On peut évidemment comprendre l’attachement de millions de gens à
« leur » club, qui reste parfois le seul ancrage visible pour leur
identité collective mise à mal : quand le capital broie les hommes, les
langues nationales, les pays, la mémoire des luttes, la conscience de
classe – souvent avec la complicité honteuse d’organisations qui sont
censées les promouvoir ! – faut-il s’étonner que certains concitoyens en
arrivent à ne plus se vivre en « nous » qu’à travers le « maillot »
d’un club professionnel… Alors même que ni les joueurs, ni l’entraîneur
(pardon : le « coach »), ni les capitaux ne sont du crû et qu’en
conséquence, investir ledit club d’une fonction de porte-drapeau
identitaire et « local » est une pure fiction.
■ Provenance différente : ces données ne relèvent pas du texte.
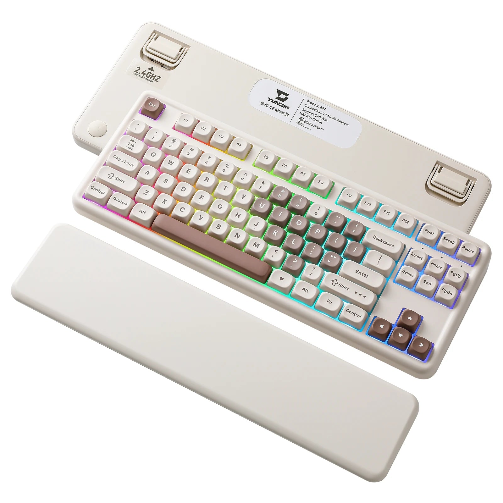 YUNZII B87 Heart Wireless Mechanical Keyboard, QMK/VIA Custom RGB Gaming Keyboard, Beauty Aesthetic Keeb, Wrist Rest for Win/Mac
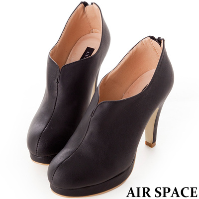 AIR SPACE★香榭氣息~素面皮革後拉鍊式高跟踝鞋-黑
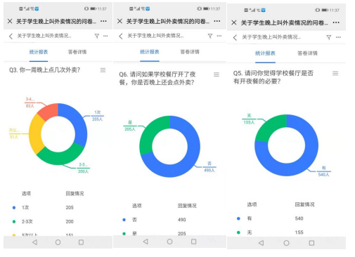 针对上周值周检查反馈的关于学生晚上点外卖较多的情况,学生处高度重视,立即行动。3月22日进行《关于学生晚上叫外卖情况》问卷调查,3月25日共收回有效调查问卷695份,并及时将调查结果反馈至后勤处。问卷显示每周晚上点外卖3次以上占比36.62%,其中因晚餐没吃饱点外卖占比65.59%,认为学校有必要提供夜餐的占比77.7%。另外,学生处还要求各系加强学生饮食健康和安全教育,引导学生在学校餐厅就餐。
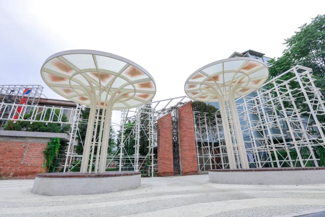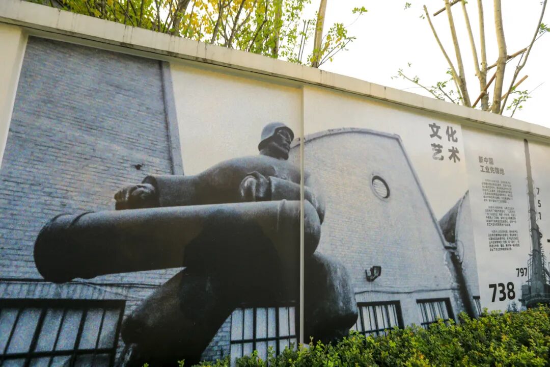文化艺术区通过工业装饰,拼贴组合成画面图案,矗立的雕塑结合工业转型遗迹,形成简约及有动态美的艺术墙绘,灰色和立体的搭配,既沉稳又富有活力。
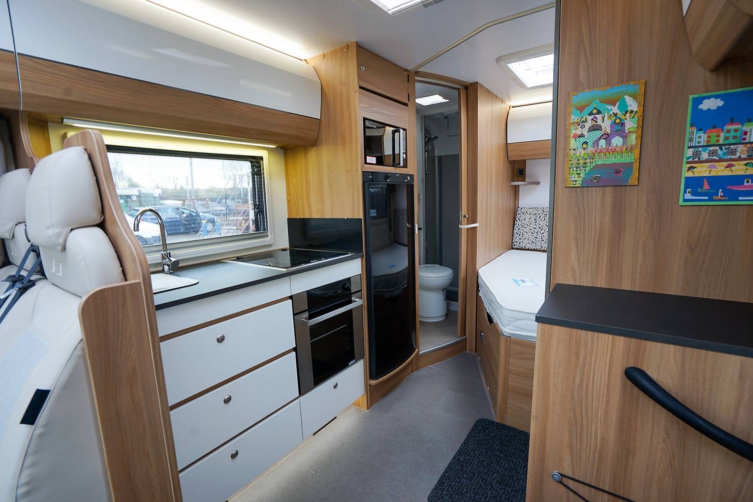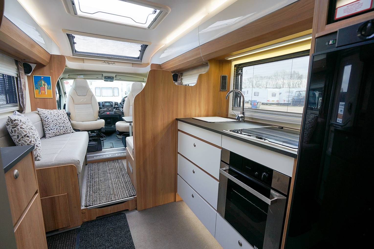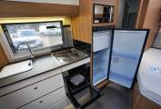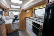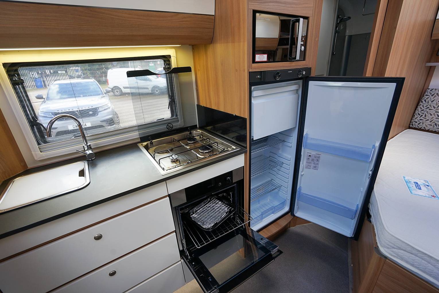 Dometic 145 litre tower refrigerator and detachable full width freezer compartment. Thetford Duplex XL combined oven and grill, Thetford dual-fuel hob with electric hotplate and 3 gas burners, Stainless steel 800 watt microwave.
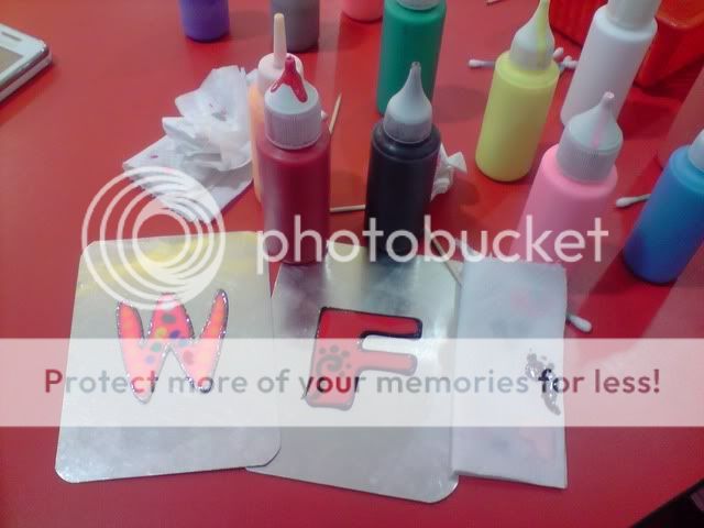 And guess what we did just now? We did paint art! Heee! Is it called paint art? Idk. Nevermind, but anyway I never did that before until today. Awww, I feel like a kid again, sitting among them and coloring the alphabet. The process of making it is like so coool. Heh.
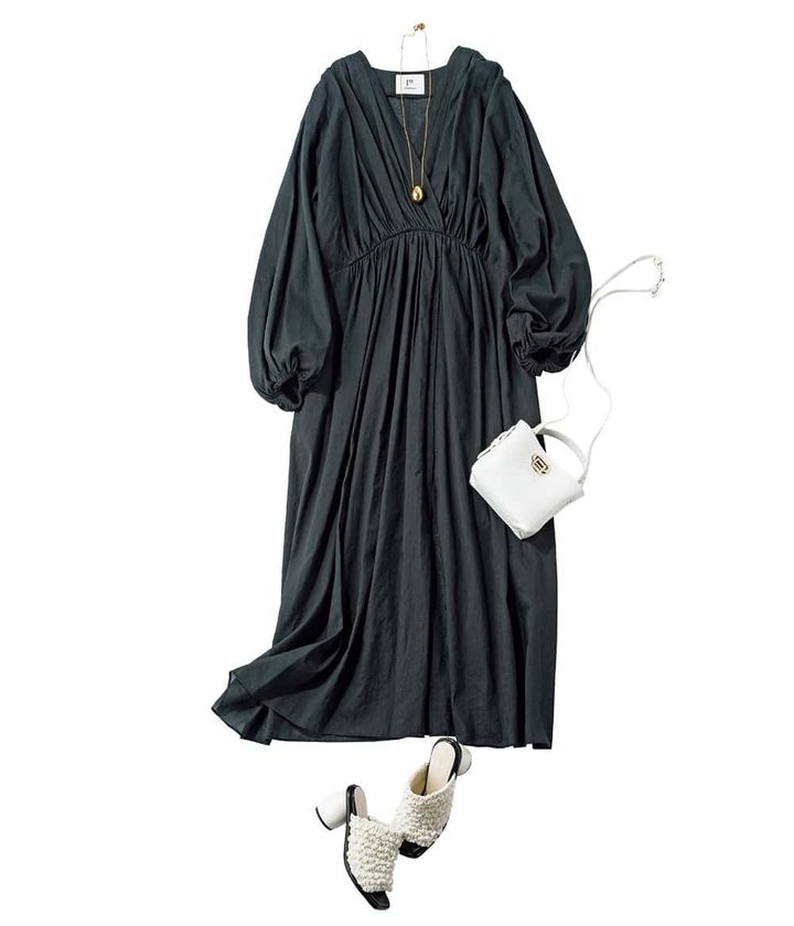 心待ちにしていた女子夜飲み、ノースリ女子友に負けずに映えたい! そんな時はワンピースで華やぎたいを。肌見せワンピも「ほぼクロ×長袖」なら女っぽさが際立ちます。
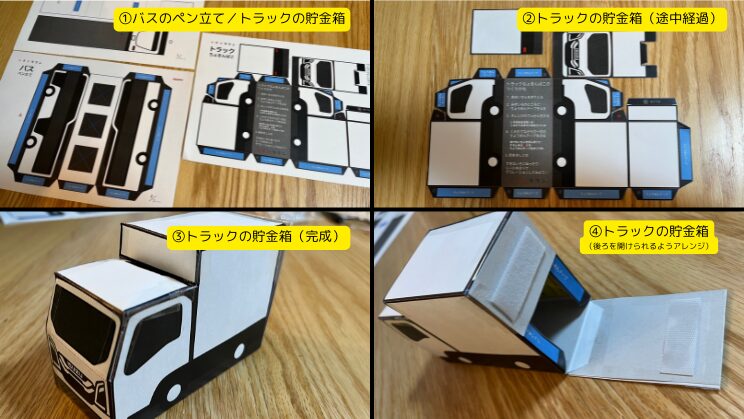 「いすゞタウン」のサイト内にて、トラックの貯金箱とバスのペン立てが作れるペーパークラフトがあります。
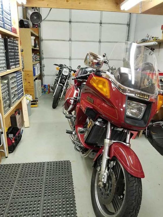 Hello everyone, I finally got around to shaking some photos out of my phone and wanted to show off my new project, I've been lurking a while and thought it was time I said something. Ya'll seem like a decent bunch so if you don't mind I'll elbow up and open my mouth. Almost a year ago I found this beauty on craigslist for a price that looked too good to be true. Turns out it only had 4th and 5th gear, wouldn't shift below that. Having experience with the XS1100's it sounded to me like the shift pin issue which is about a $40 fix. We had just started a major remodel on the house and I had no time for a new bike but I had to have this one, I've been bringing bikes back to life since I was a kid and of all the bikes I've had the one I wished I hadn't let go was an '83 Venture. Best all around bike I've ever ridden, I think of it as a full-dress sport bike. I'd go on but I think I'd be preaching to the choir. The bike had been well cared for by its original owner who garaged it and had all the regular maintenance done by the dealer, including updated items like the water pump impeller. There isn't any rust anywhere except the expected speckles on the exhaust system, the bike is really quite clean considering that the second owner was commuting about 70 miles round trip a day on it for the year he owned it. All I had time to do when I brought it home was shove it into the shop, but over the last few months have squeezed out a few hours here and there and have made some progress. So far I've fixed the shift issue, removed the oil pan to retrieve the shift pin, removed all the engine covers to fix weeping (mostly to polish them, really), pulled valve covers to check valve lash, (all good) flushed the cooling system (which didn't need it), dropped the exhaust for gaskets and welding of the collector mounting bracket, and pulled all the bodywork to fix an incredible number of broken tabs and cracks. There were some very slight scuff marks on the left side of the fairing, slight enough that they came out with a little rubbing compound, but every darn tab on that side was either broken off outright or cracked like a desert, and there were stress cracks at nearly every corner of the fairing. And the headlight trim was broken at the screw holes. My thinking here is that the elderly (and I do mean elderly, I'm no spring chicken) original owner arrived at the end of his riding career with a slow speed tip-over against the minivan or the riding mower in the garage, breaks out a tube of epoxy and sells the bike to the family friend who needs cheap transpo, who in turn sells it as soon as it costs him anything but gas. At this point all the above is fixed but there is more to do before she hits the road. Here is how the bike looks now Upholstery is good except for the usual stress separation on the front seam - 58,00 miles on the odometer While I had the covers off I stripped the clear coat, polished and detail painted the ends and painted the centers with high temp silver - Looks kinda nice peekin out there - The water pump cover "before", the "after" is above - Missing shift pin - 70 miles a day. On this tire. The bike starts and runs like a sewing machine, but before it hits the road I'll replace the tires of course, and go completely through the brake system. I like the linked brakes and will retain them, but the calipers, masters, and valves will all come apart and be renewed. And stainless lines, I'm a big fan of stainless lines. Same thing for the clutch. I have an overhead lift setup so while the bike is hanging for tires I'll drop the swing arm and service all that mess. I fixed the weeping forks with the "tool cut from a milk jug" trick, other than some slight weeping they checked out just fine. The forks will be stripped and polished, and I'll probably repaint the bodywork if I have time before summer. Thanks to everyone for all the great info collected here, it's been a great resource and enjoyable reading! I'll post some more when there's more to post, for now its back to the house. Waaaaa. Thanks for reading! Tim
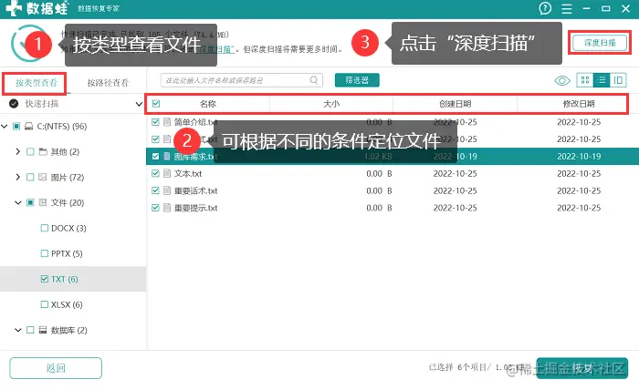 2.等待第一次扫描结束,可以点击左边【按类型查看】对扫描结果进行查看和选择,文件展示会比较简单,我们可以通过文件类型、文件名称、大小等定位相关文件,也可点击【深度扫描】;
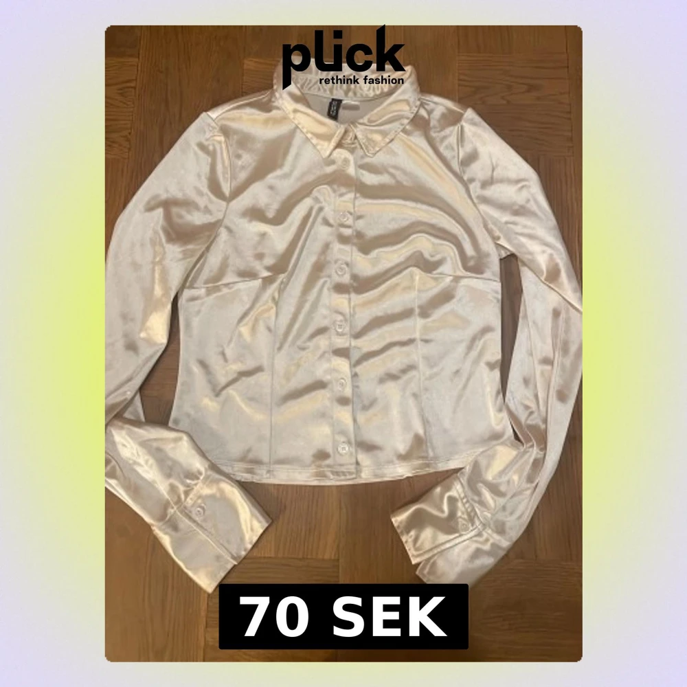 Snygg champagnefärgad blus från H&M Divided i glansigt satinmaterial (polyester blandat). Klassisk krage, långärmad och med knappar framtill. Perfekt för dig som gillar en clean och lyxig vibe. Passformen är normal och materialet känns mjukt mot huden. Aldrig använt. Säljer för att den inte kommit till användning. Pris kan diskuteras.
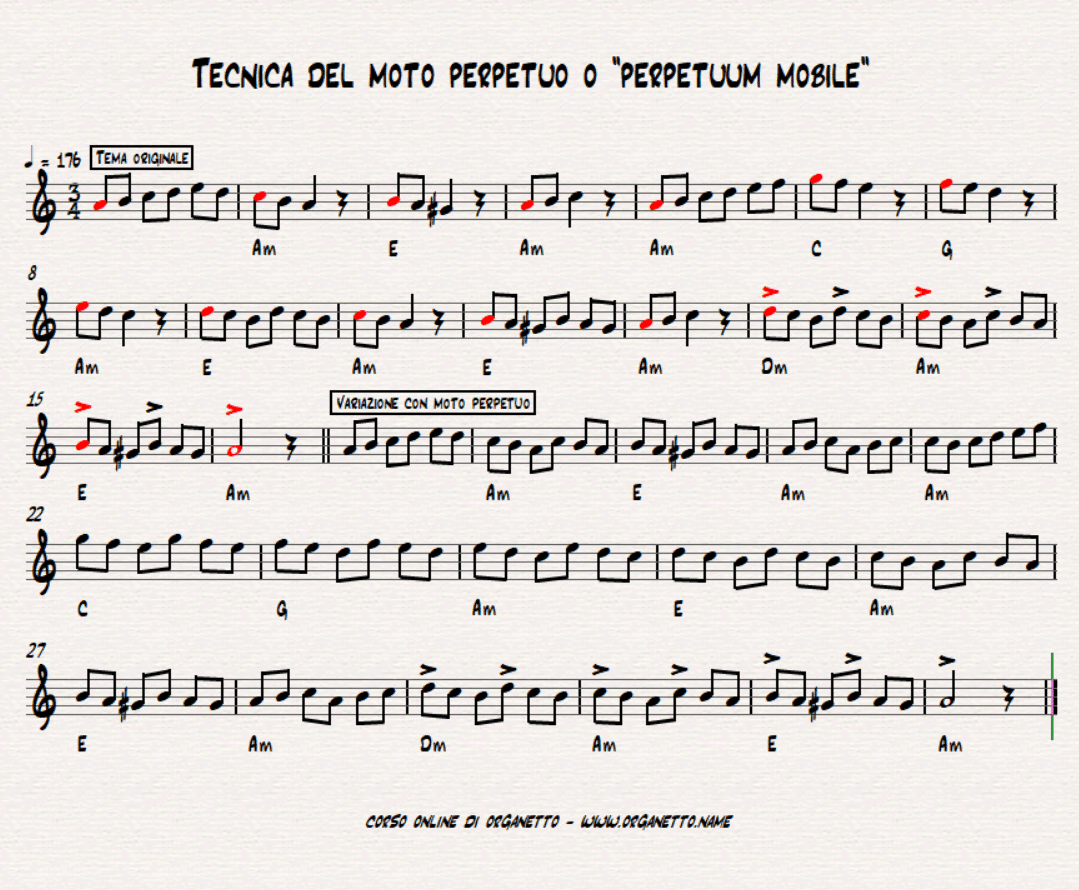 In musica, il moto perpetuo oppure "perpetuum mobile" identifica dei brani musicali, o parti di brani, caratterizzati da un flusso continuo di note, solitamente a un ritmo rapido. Possiamo quindi capire da soli che questa tecnica non si può utilizzare per variare una melodia già di per sé molto veloce, scritta per esempio in ottavi o sedicesimi. Il tema originale può essere parzialmente veloce, ma deve avere delle note di stasi, o delle pause, dove noi andremo a inserire nuove note che non appartengono al tema originale.

Qu’est-ce au final que le
PSG a de « parisien », l’OL de « lyonnais », l’OM de « marseillais »,
si ce n’est – et encore ? – leurs tiroirs-caisses respectifs ? Ainsi va
l’ « identité » par gros temps néolibéral…
Mais ce n’est pas ces millions de supporteurs, au comportement la
plupart du temps très « bon enfant », qu’il faut accabler de mépris
alors que, avouons-le, bien des intellectuels qui méprisent le foot, ont
leur armoire « identitaire » pleine d’idoles (européistes, bellicistes,
anticommunistes, antimarxistes, technomaniaques…) qui sont souvent bien
plus dangereuses pour la paix et pour la planète !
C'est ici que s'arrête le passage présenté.